The bisulfite genomic sequencing (BGS) protocol [1, 2] is a method of choice for analyzing DNA methylation at the nucleotide level. Sodium bisulfite is used to convert unmethylated cytosine residues to uracil residues in single-stranded DNA. In particular, bisulfite conversion consists of three sequential chemical reactions: sulfonation of cytosine to cytosine-6-sulfonate, deamination to uracil-6-sulfonate, and desulfonation to uracil. However, since 5-methylcytosine residues are nonreactive, they remain intact. The bisulfite-converted DNA is then amplified with specific primers designed for converted DNA, and purified polymerase chain reaction (PCR) products, which are usually subcloned, are sequenced.

Bisulfite conversion is so powerful that it has been paired with numerous techniques other than traditional sequencing, including: methylation-specific PCR [3], combined bisulfite restriction enzyme analysis [4], methylation-sensitive single nucleotide primer extension [5], methylation-sensitive single-strand conformation analysis [6], MethyLight [7], oligonucleotide microarray methods [8], denaturing high-performance liquid chromatography with bisulfite genomic sequencing [9], pyrosequencing methylation analysis [10], and methylation-sensitive high-resolution melting-curve analysis [11], among others (see [12] for a review). In addition, many methylation analysis kits are also commercially available.

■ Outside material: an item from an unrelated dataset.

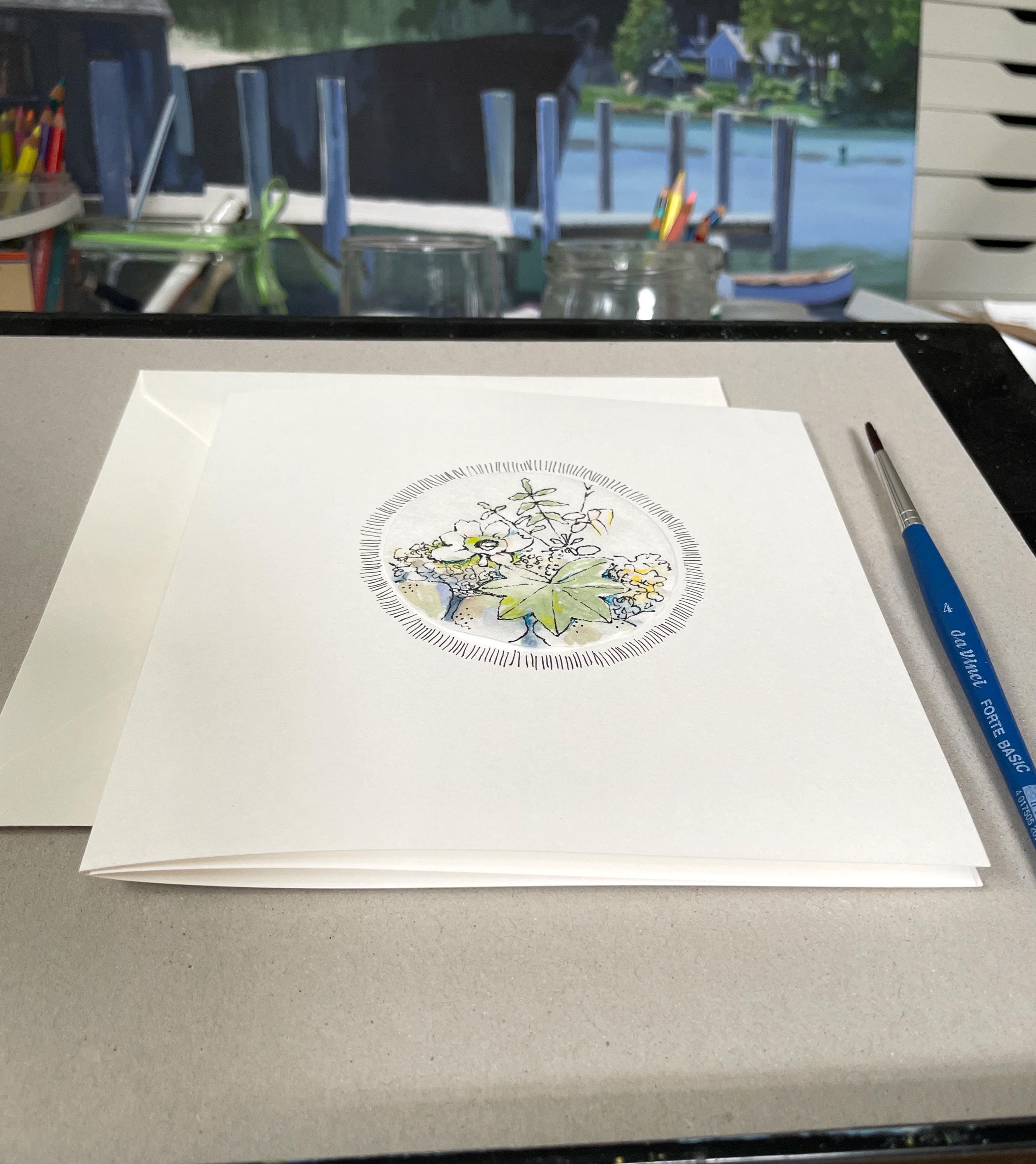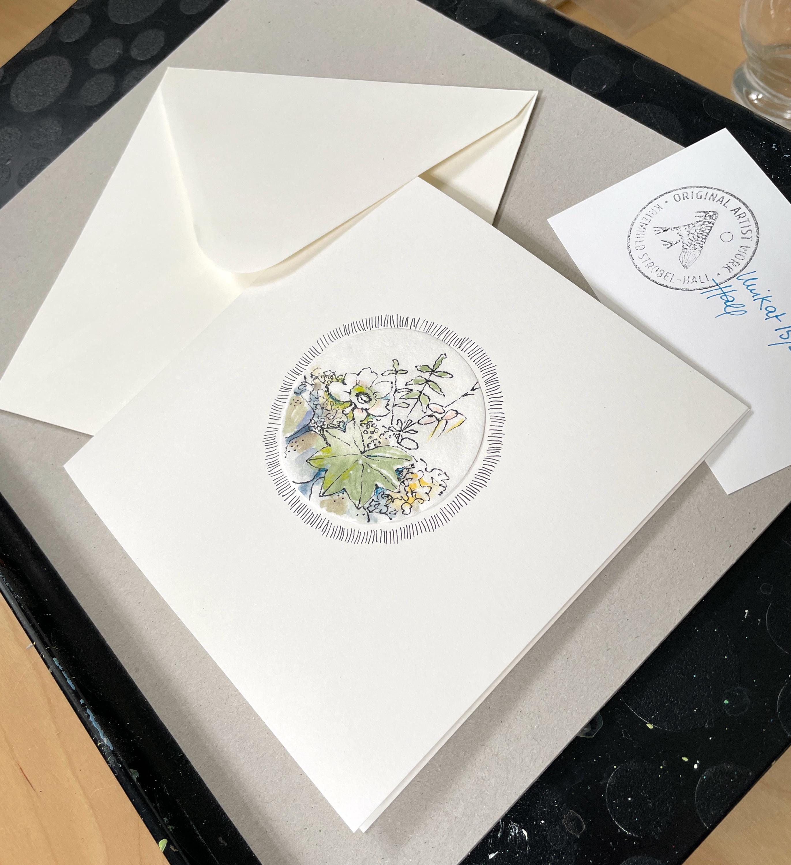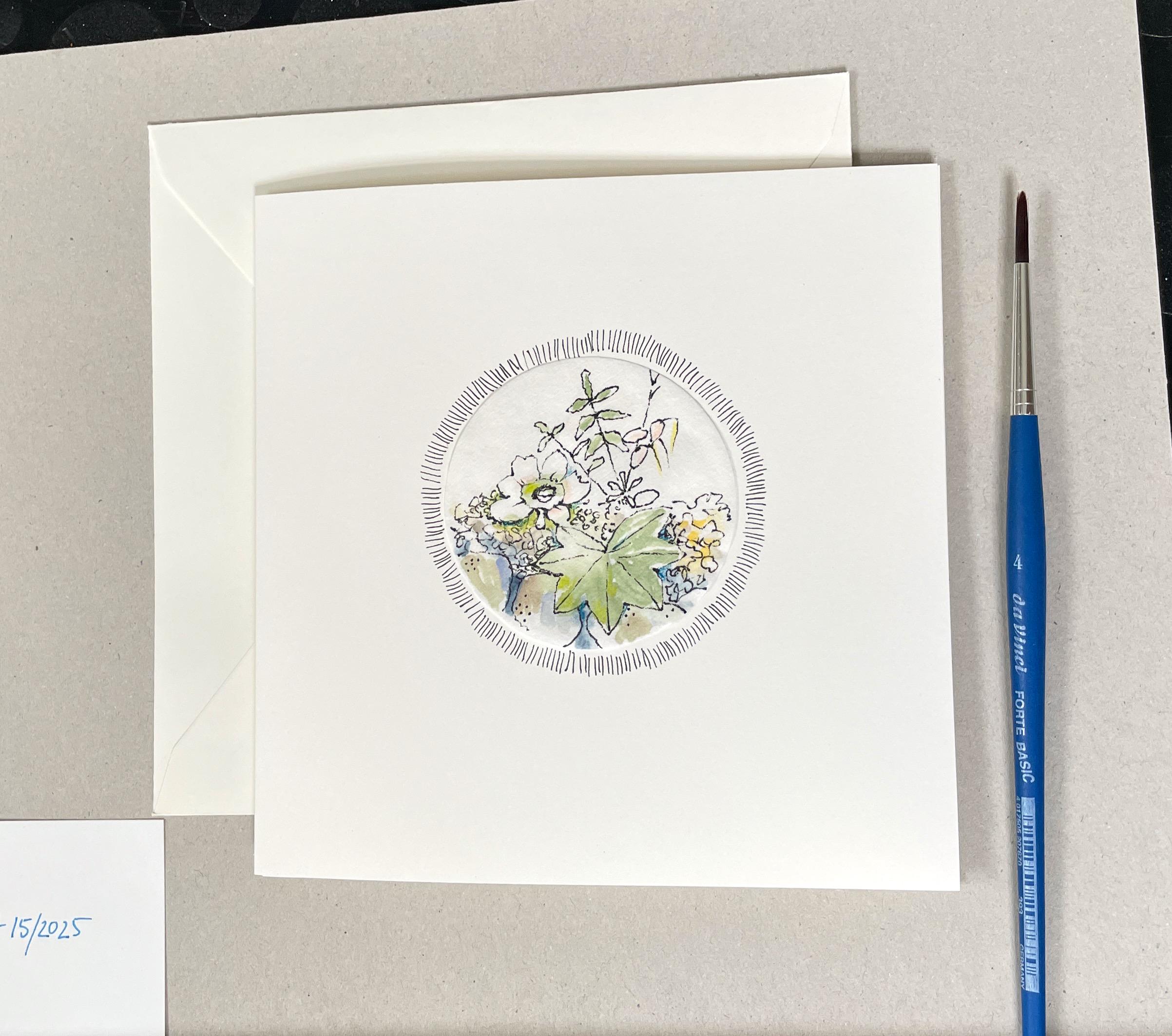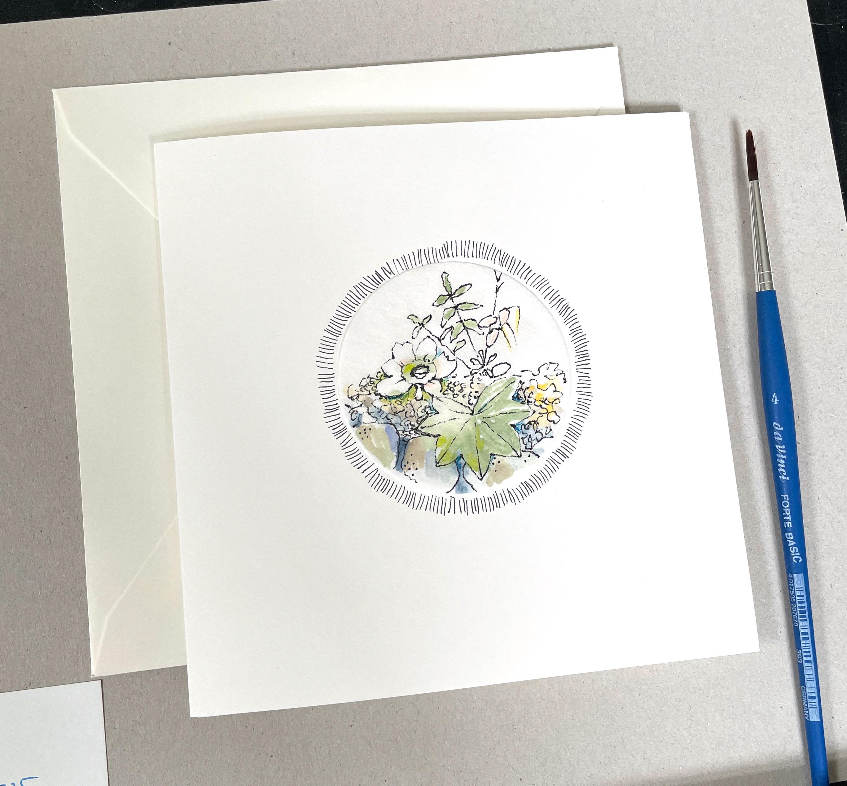 This handmade greeting card is a delicate little artwork: Drawn with a fine-liner and watercolors, it shows a subtle plant arrangement resting on stones. I created the illustration on a thin, round tissue-like paper and affixed it to a high-quality, eggshell-colored folding card (15 x 15 cm). The fine ink lines frame the motif gently.

Unfortunately, high rates of DNA degradation and incomplete conversion reactions often lead to decreased efficiency of the assay. Many attempts have been made to minimize template degradation and/or maximize cytosine conversion [1319], but overall, the bisulfite conversion protocol has remained unchanged, and no other high resolution or positive display methylation analysis protocol exists. As a result, the BGS protocol, as well as any technique paired with the bisulfite conversion reaction (and, hence, founded on the assumption that conversion is complete) often generate few or no informative results.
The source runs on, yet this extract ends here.